The return to the state of nature

In the last few years, and particularly in the last couple of weeks, the Nigerian media has published countless reports of violence, banditry, kidnapping and gruesome murders.  The entire country is filled with acts of lawlessness that have made life “solitary, nasty brutish and short.”  It is as if certain forces have united to enact the Hobbesian state of nature described above: the country has sunk deeply into the Hobbesian state of nature.  From Zamfara to Oyo, bewildering and wicked tales of ransom-seeking kidnappers fill the airwaves. Videos of interviews with fiery-looking bandits  in masks threatening government officials and expressing grievances that they have sworn to avenge are circulating on social media.

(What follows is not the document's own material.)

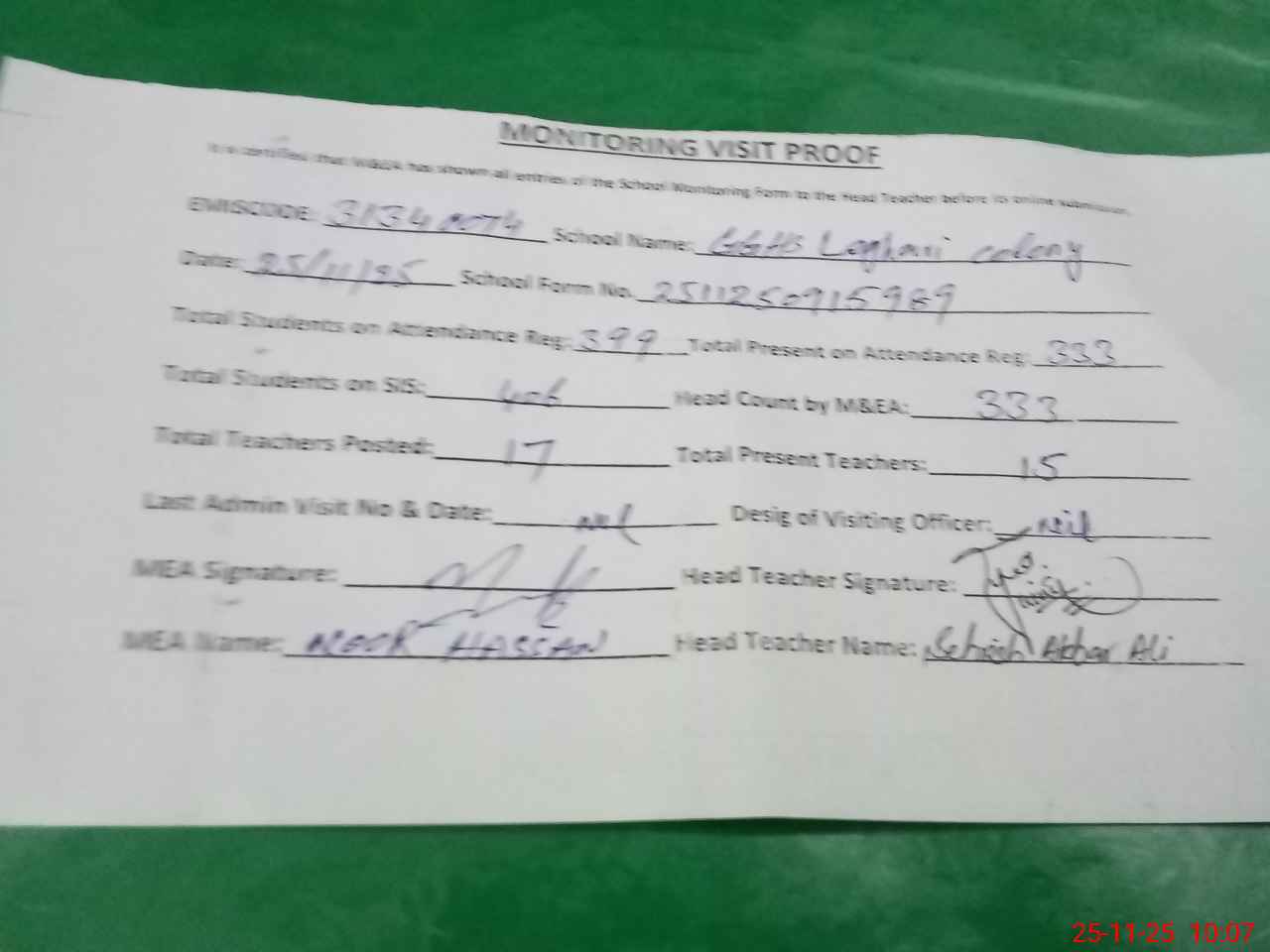 | Certified that this School was Inspected by the Undersigned MEA/DMO Today and the Information Stated Above is as Per Record. | |||||

Violence and lawlessness have descended upon the Nigerian state with the purpose of collapsing it.  Criminal elements now operate at will everywhere and at any time.  Law enforcement agents seem to be helpless.  In many instances, they are themselves victims of criminal violence. There seems to be no solution in sight as government officials are at their wits’ end. Many have resigned to fate.  It is difficult to keep track of Nigerians who have had to pay ransoms for their loved ones that have been kidnapped. Many of these victims are not necessarily rich. Some were kidnapped in the safety of their homes and taken to faraway forests.  Many died of exhaustion from the inhuman and wild treatment they received from their abductors. Others were killed because their relatives did not respond well or in a timely manner to the demands of the kidnappers. The new kings of the forests wield sophisticated weapons but live in the wild and travel across many rivers to hold their victims and keep away from the security forces.

Farmers in many parts of the country are unable to go to their farms, as farmlands have become risk zones. Schools, especially those with boarding facilities, have also become prime targets of these kidnappers as witnessed recently in Kagara, Niger State.  This is an extension of the abduction of school children by Boko Haram, which had kidnapped hundreds of schoolgirls in Chibok, Dapchi and similar places.  Displacement, which has been ascribed to the activities of Boko Haram in the North-East, has spread to virtually all parts of the country. Migrant criminals wielding AK-47 and other dangerous weapons have not only been  marauding the countryside, they have left many maimed or dead.

The resulting suspicion of outsiders by locals has deepened distrust and resentment.  It has fanned the embers of inter-ethnic hatred.  Public disturbances and violence have occurred in several cities, heightening ethnic and religious tensions. The gory tales of the violent clash between northerners and locals in Sasa market in Ibadan, Oyo State, epitomizes the spread of the tendency towards anarchy to southern Nigeria.  Outbursts of pain by victims and the hopelessness exhibited by concerned leaders  have made fear a major variable in the life of the average Nigerian. Many have been traumatized.

While  the Presidency has been mute and inactive as many of these developments unfold, there is apparent confusion and conflicts among state governors regarding what should be done to arrest the situation. There have been accusations and counter-accusations about migrant criminality and threat to the migratory and residency rights of Nigerians across the country. Most of these have been driven by anxiety and clannishness rather than sound judgment and well-thought-out policy measures. Little wonder, then, that in many places, self-help and lawlessness, which are no solutions,  have led to greater pain, including costly human and material losses, and disruption of the social order, pushing the desired peace farther away.

We call on leaders at various levels to activate the institutions of governance that can be used to restore peace, order and trust in society.  These include the various intergovernmental forums, such as the various governors’ forums and relevant national councils. Traditional rulers, local government institutions, opinion leaders and leaders of the various faith organisations  must be mobilised to support the quest for peace and order.  On their part, the state governors must not act antagonistically or at cross purposes.  Working in concert will  help in addressing areas of conflict and in impressing it on the Presidency to take agreed steps to address the security challenges, instead of the current divisive tendencies.  The situation must not be allowed to degenerate into complete anarchy.